▸ **DATA RECORDS**:

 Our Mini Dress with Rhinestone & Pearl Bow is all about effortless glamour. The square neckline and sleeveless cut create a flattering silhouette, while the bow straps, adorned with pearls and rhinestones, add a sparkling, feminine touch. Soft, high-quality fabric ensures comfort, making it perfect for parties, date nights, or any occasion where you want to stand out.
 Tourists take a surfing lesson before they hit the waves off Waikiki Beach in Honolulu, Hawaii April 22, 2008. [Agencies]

* * *

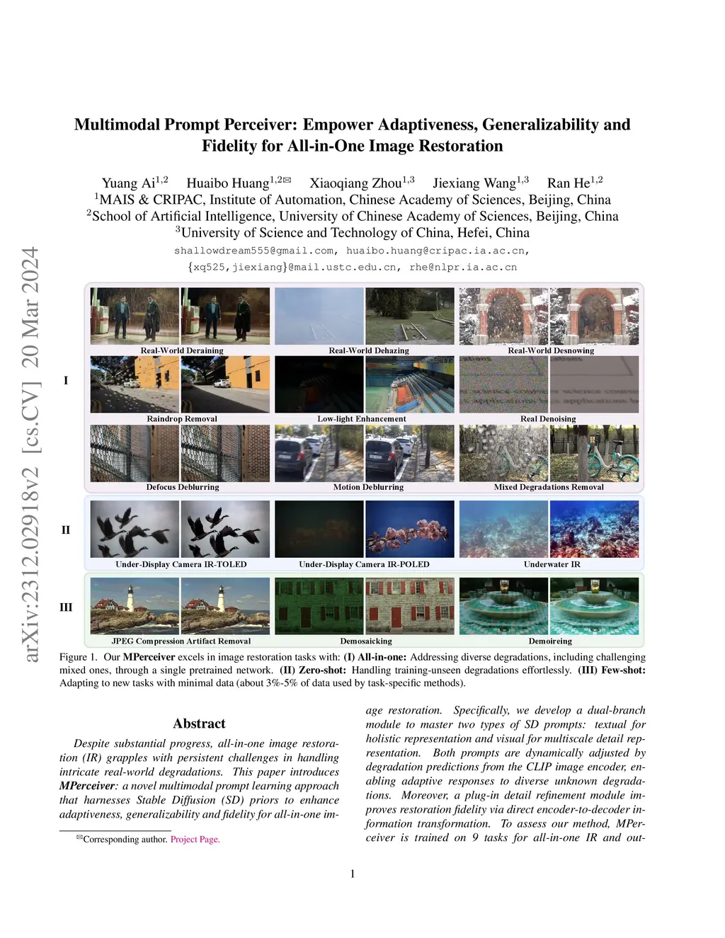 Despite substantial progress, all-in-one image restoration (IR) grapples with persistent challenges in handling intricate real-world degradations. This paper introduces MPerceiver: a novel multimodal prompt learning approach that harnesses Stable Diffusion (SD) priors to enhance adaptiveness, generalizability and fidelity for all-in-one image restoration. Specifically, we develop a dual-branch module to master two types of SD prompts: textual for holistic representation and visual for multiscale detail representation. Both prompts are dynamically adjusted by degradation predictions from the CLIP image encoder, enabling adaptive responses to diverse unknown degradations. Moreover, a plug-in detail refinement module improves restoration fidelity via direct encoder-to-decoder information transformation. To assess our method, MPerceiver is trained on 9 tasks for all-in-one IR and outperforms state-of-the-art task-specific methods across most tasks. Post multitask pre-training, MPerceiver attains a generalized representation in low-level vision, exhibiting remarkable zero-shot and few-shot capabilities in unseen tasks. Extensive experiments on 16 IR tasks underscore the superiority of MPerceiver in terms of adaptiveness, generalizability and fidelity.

---

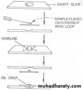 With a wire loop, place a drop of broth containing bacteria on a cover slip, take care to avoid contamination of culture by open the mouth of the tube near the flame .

▸ **TASK OBJECTIVE**:
Restate word for word the lines in the material above from the one with "Our Mini Dress" to the one with "Tourists take a"; both of those lines count, and nothing else does.

▸ **ANSWER TO THIS EXERCISE**:
 Our Mini Dress with Rhinestone & Pearl Bow is all about effortless glamour. The square neckline and sleeveless cut create a flattering silhouette, while the bow straps, adorned with pearls and rhinestones, add a sparkling, feminine touch. Soft, high-quality fabric ensures comfort, making it perfect for parties, date nights, or any occasion where you want to stand out.
 Tourists take a surfing lesson before they hit the waves off Waikiki Beach in Honolulu, Hawaii April 22, 2008. [Agencies]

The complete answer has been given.